▶ _INFORMATION PROVIDED_
========
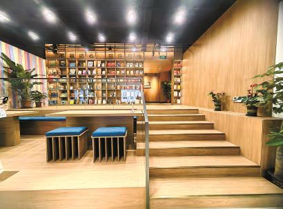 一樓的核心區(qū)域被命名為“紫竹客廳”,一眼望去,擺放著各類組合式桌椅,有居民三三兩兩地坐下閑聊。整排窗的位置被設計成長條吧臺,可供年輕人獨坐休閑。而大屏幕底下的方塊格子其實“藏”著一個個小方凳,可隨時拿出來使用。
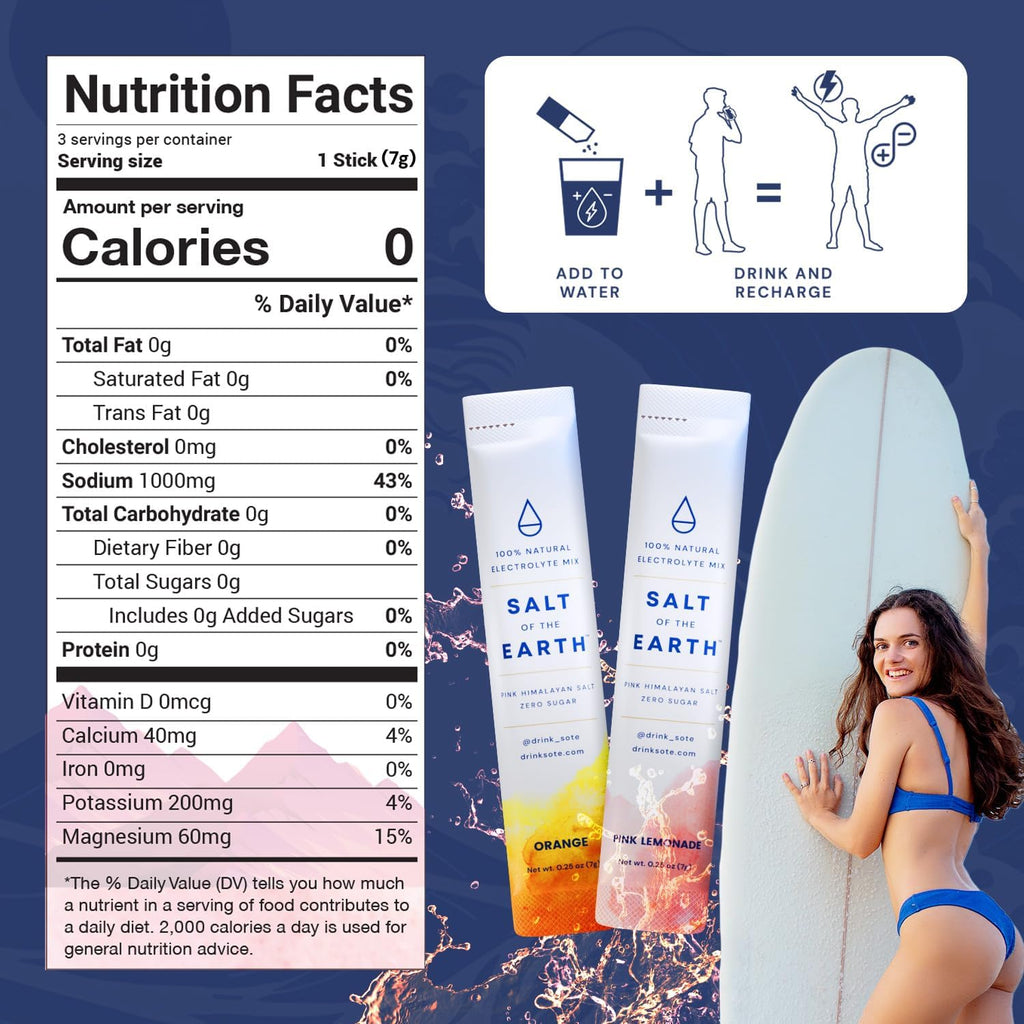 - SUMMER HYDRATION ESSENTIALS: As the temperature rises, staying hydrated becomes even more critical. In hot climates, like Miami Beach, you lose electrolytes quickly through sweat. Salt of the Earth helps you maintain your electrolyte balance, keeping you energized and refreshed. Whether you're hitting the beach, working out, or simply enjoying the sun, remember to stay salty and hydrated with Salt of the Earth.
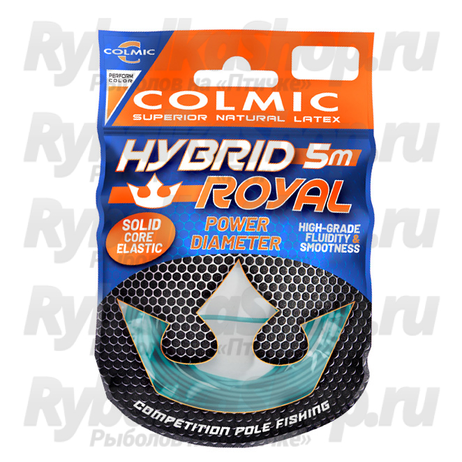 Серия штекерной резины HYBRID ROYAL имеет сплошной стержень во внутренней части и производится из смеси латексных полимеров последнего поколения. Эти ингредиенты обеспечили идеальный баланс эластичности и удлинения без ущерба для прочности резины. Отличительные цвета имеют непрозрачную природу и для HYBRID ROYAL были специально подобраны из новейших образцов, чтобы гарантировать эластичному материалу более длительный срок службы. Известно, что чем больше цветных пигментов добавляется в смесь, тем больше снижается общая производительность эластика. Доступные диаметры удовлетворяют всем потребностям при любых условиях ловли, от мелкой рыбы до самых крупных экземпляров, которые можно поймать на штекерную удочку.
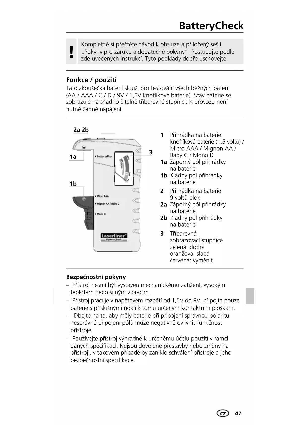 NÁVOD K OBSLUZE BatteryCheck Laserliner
========
▶ _INSTRUCTIONS TO FOLLOW_
Going from the line with "Серия штекерной резины" to the last line of the listing, write out each line exactly and nothing else. Leave out all pictures.

▶ _EXERCISE SOLUTION_
 Серия штекерной резины HYBRID ROYAL имеет сплошной стержень во внутренней части и производится из смеси латексных полимеров последнего поколения. Эти ингредиенты обеспечили идеальный баланс эластичности и удлинения без ущерба для прочности резины. Отличительные цвета имеют непрозрачную природу и для HYBRID ROYAL были специально подобраны из новейших образцов, чтобы гарантировать эластичному материалу более длительный срок службы. Известно, что чем больше цветных пигментов добавляется в смесь, тем больше снижается общая производительность эластика. Доступные диаметры удовлетворяют всем потребностям при любых условиях ловли, от мелкой рыбы до самых крупных экземпляров, которые можно поймать на штекерную удочку.
 NÁVOD K OBSLUZE BatteryCheck Laserliner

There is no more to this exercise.